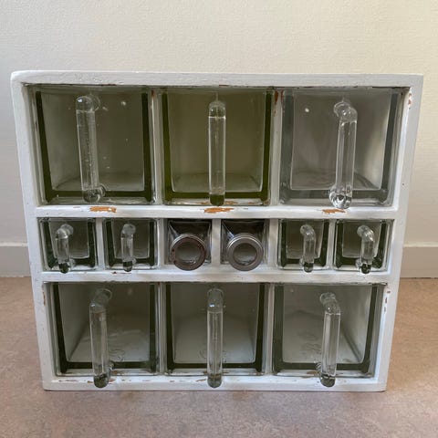 kryddställ i trä med flera fack och tillhörande glasburkar. Passar för förvaring av kryddor eller små köksartiklar på bänk eller i skåp. Träkonstruktion med rektangulär form och separata fack som håller burkarna på plats och ger översiktlig förvaring i köket.
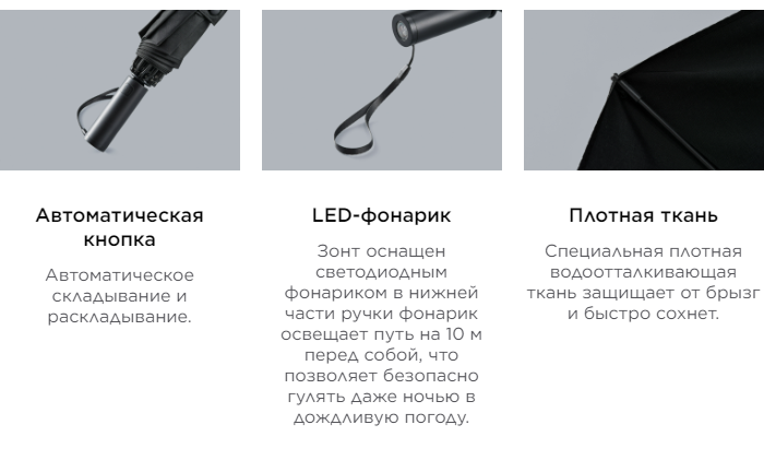 Зонт доступен в двух классических расцветках: черной и серой.
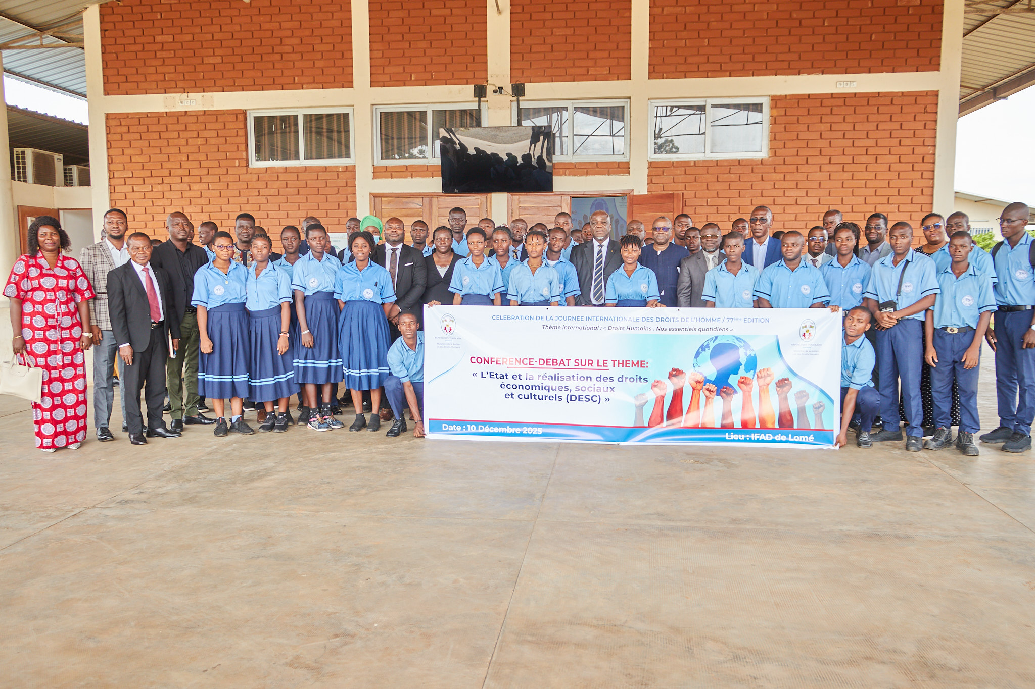 Placée sous le thème international « Droits humains : nos essentiels quotidiens », cette journée de commémoration organisée par le Ministère de la Justice et des Droits Humains a réuni divers acteurs, dont le personnel de l’Agence Éducation-Développement (AED), les membres de l’administration de l’IFAD, les enseignants-formateurs. Aux côtés du Ministre Me Pacôme ADJOUROUVI, venu lancer l’activité se trouvait M. Dammipi Noupokou, Directeur Général de l’AED, promoteur des IFAD. Plus de 460 apprenants ont bénéficié de cette conférence, pensée comme un espace d’échange et de sensibilisation sur les droits économiques, sociaux et culturels.
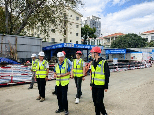 随后,实践队抵达中建二局越南H14-3项目部进行实地调研。该项目位于胡志明市第七郡高档核心区域,是一座集现代化与生态化于一体的高端房建工程。项目代表围绕属地化运营管理、绿色建造实施路径等内容进行了系统介绍与经验分享。
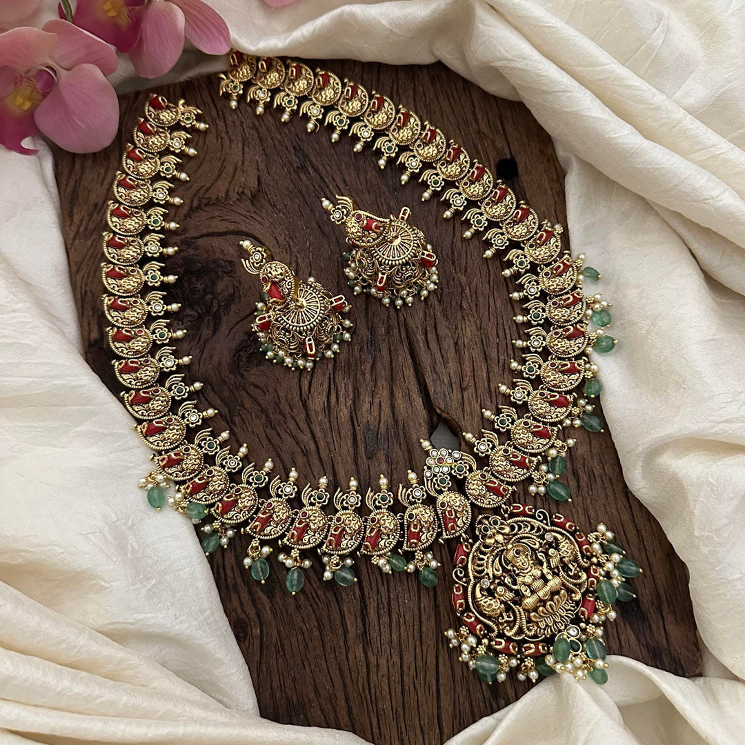 Experience the epitome of luxury with our Premium Lakshmi Long Neckpiece in a stunning pastel green color adorned with delicate beads and lustrous pearls. Elevate your style and exude elegance with this exquisite accessory. Comes with matching earrings.
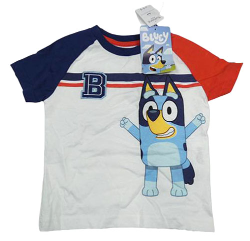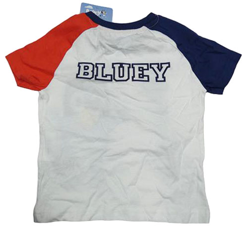 Nové - Bílo-tmavomodro-červené tričko s Bluey a pruhy Nutmeg
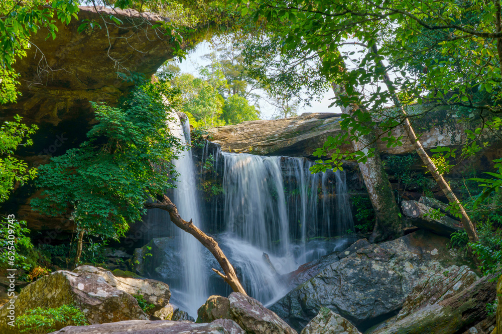 Waterfall at Phu Kradueng national park, Loei Thailand, beautiful landscape of waterfalls in rainforest
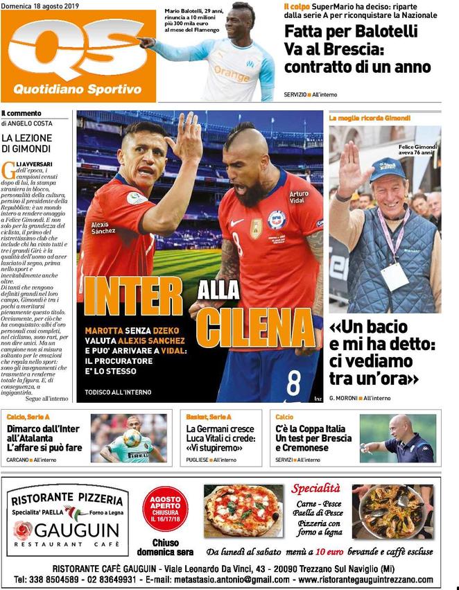 TORINO – Ecco che vi proponiamo l’apertura in prima pagina del Quotidiano Sportivo disponibile in tutte le edicole di oggi 18/08/2019.
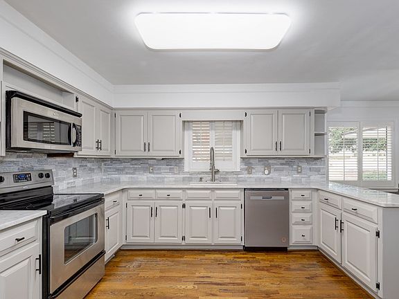 Stunning 4 Bedroom, 4 Bath Home in Midtown This freshly painted residence features hardwood floors and an abundance of windows. The updated kitchen is equipped with new stainless steel appliances, granite countertops, and a spacious walk-in pantry. The primary bedroom offers wall-to-wall carpeting, large windows, and direct access to the backyard. Its ensuite bath includes double vanities, a Roman tub, a separate shower, and an upgraded walk-in closet. A second primary suite boasts large windows, a concealed office, a walk-in closet, new lighting, and a standing shower. Bedroom 3 comes with an updated tiled shower, vanity, and two closets. The oversized family room is filled with natural light which showcases hardwood floors, and features a cozy fireplace. The oversized laundry room has tons of storage and can accommodate 2 sets of washers and dryers. Step outside to a large backyard that includes a double shed, a treehouse, and new decking.
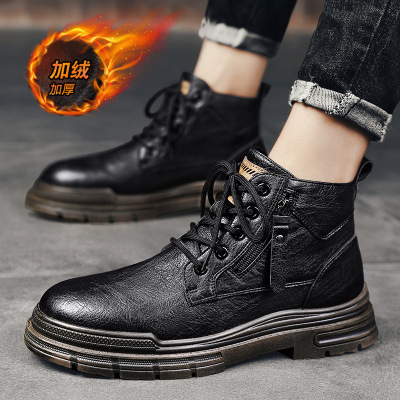 冬季户外运动保暖马丁靴时尚百搭主帮加绒加厚暖和舒适休闲潮男靴
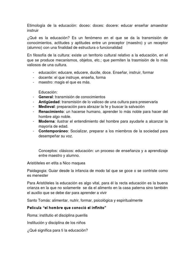 Etimología de la educación: doceo: doces: docere: educar enseñar amaestrar
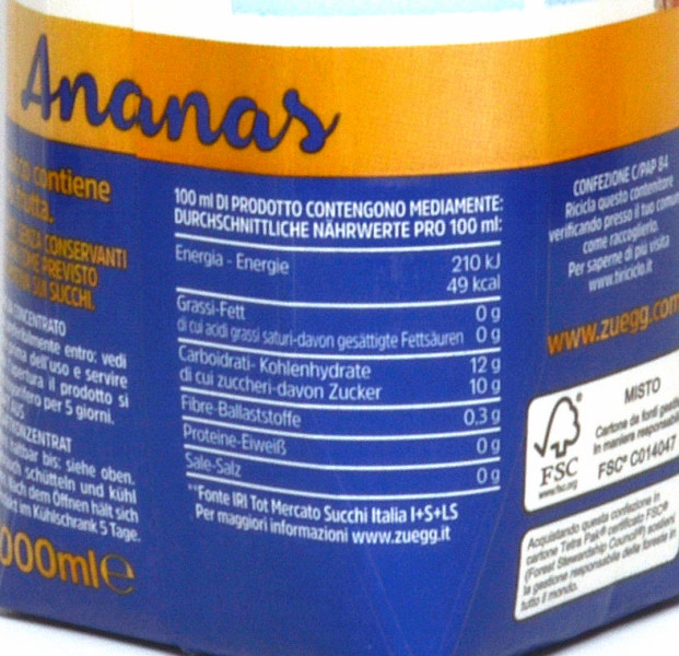 Barcode EAN:   8000340472415 Calories Kcal 100 ml:   49 Saturated fat:   Sugars (in the Carbohydrates):   10 Proteins per 100 ml:   Ingredients:   Production type:   Bought here:   Last update:   2020-04-13 18:24:05 | Brand:   Fat per 100 ml:   Carbohydrates per 100 ml:   12 Fiber per 100 ml:   0.3 Sodium per 100 ml:   Made in:   Italy Price €:   |
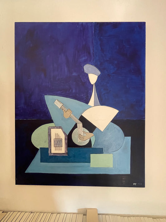 Musique - Sitariste en bleu sur fond vert, style cubiste
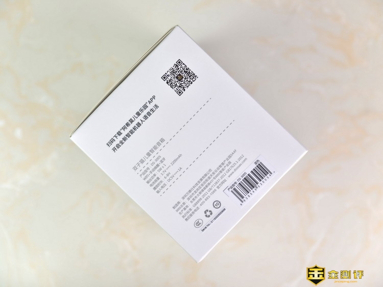 包装盒的背面印有产品的相关规格参数,在这里还有阿希莫儿童乐园APP的二维码,但是笔者继续体验下去才发现这个APP是不存在的,因为阿希莫双子猫儿童智能音箱是通过微信公众号来管理控制的。

--

Your goal:
What you return from the records above should be exactly everything from the line with "Nové - Bílo-tmavomodro-červené" down to the line with "TORINO – Ecco", both kept, and no pictures.

Solution to the exercise:
 Nové - Bílo-tmavomodro-červené tričko s Bluey a pruhy Nutmeg
 Waterfall at Phu Kradueng national park, Loei Thailand, beautiful landscape of waterfalls in rainforest
 TORINO – Ecco che vi proponiamo l’apertura in prima pagina del Quotidiano Sportivo disponibile in tutte le edicole di oggi 18/08/2019.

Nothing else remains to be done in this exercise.